The Studio Display is an excellent monitor with some really nice features, but it's expensive, and a lot of that money is paying for features that many creatives don't need from a 'studio' display for professional work.
What We Like What We Don't Like
  • Excellent color accuracy with Delta E < 1
  • Decent color gamut with 98% coverage of DCI-P3
  • 5K resolution is a nice bump over 4K
  • Seamless integration into to MacOS allows you to calibrate your white point in a few seconds
  • Built-in speakers are incredible
  • Built-in mics are surprisingly good
  • Built-in webcam is great, and Center Stage feature is genuinely cool
  • Basically unusable with any Windows computer
  • No physical controls whatsoever, not even a power button
  • No HDR compatibility
  • No 120Hz Pro Motion
  • 8-bit + dithering, not true 10-bit
  • No LUT for hardware calibration
  • Stand options are very limited
  • Extremely expensive, especially if you want a height adjustable stand and/or nano-texture glass

I see what Apple was trying to do here. It wanted the Studio Display to replace the discontinued 27-inch iMac when paired with a Mac Studio or Mac mini. That's why it put so much emphasis on features that you don't typically find in high-end photo- and video-editing displays: like amazing speakers, a top-notch webcam, high-quality microphones, and an A13 Bionic to power all of the above. These are all features you'd expect to find in the next-gen iMac, so they've packed them inside of the Studio Display instead.

But while these features, when combined with a color-accurate 5K panel, justify the Studio Display's $1,600 price tag, I would argue that Apple missed the mark by focusing too much on day-to-day usability and too little on the real-world photo-, video-, and graphic design studios that this display is supposedly meant for. Most studios don't care about webcams or built in speakers, and some even use PCs in addition to (or instead of) Macs.

If you're a Mac user who needs a high-quality, color-accurate display for both personal and professional use, with all of the Apple bells and whistles included, then the Studio Display delivers the goods.

I said this was a difficult review for me, and this is why: most of my gripes aren't with the monitor, but with what the monitor might have been if Apple hadn't chosen to save all their latest display tech for the next generation of the Pro Display XDR.

If you're a Mac user who needs a high-quality, color-accurate display for both personal and professional use, with all of the Apple bells and whistles included, then the Studio Display delivers the goods.

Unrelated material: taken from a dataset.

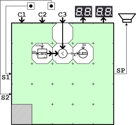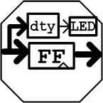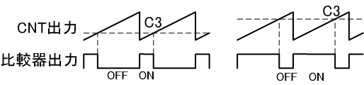 8bitカウンタなので256サイクルで元に戻ります。比較器の出力はLEDに接続して、比較器の一方の入力を定数値C3に接続します。カウンタの値がC3よりも小さい場合にHレベルを出力します。従って出力はデューティー比がC3/256で、周期はクロック周波数/256になります。
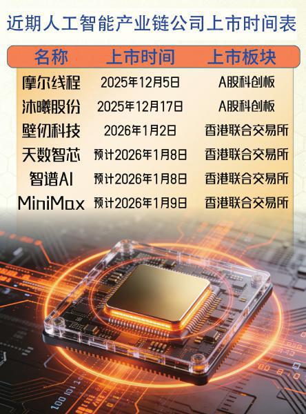 在芯片侧,天数智芯将于1月8日在港交所挂牌,昆仑芯等更多玩家则箭在弦上,一场密集的IPO浪潮已然形成。

I've said it before and I'll say it again: I don't think the monitor is overpriced given the build quality, color accuracy, seamless experience, and the impressive hardware Apple has baked in.

But for the professional creatives in the audience who use their monitor to pay the bills, I'd recommend looking at the professional-grade offerings from EIZO or NEC, or holding off until Apple releases the next generation of the Pro Display XDR. Even if you end up paying a little (or a lot) more, you'll know that every cent went to pay for features that really matter for professional workflows.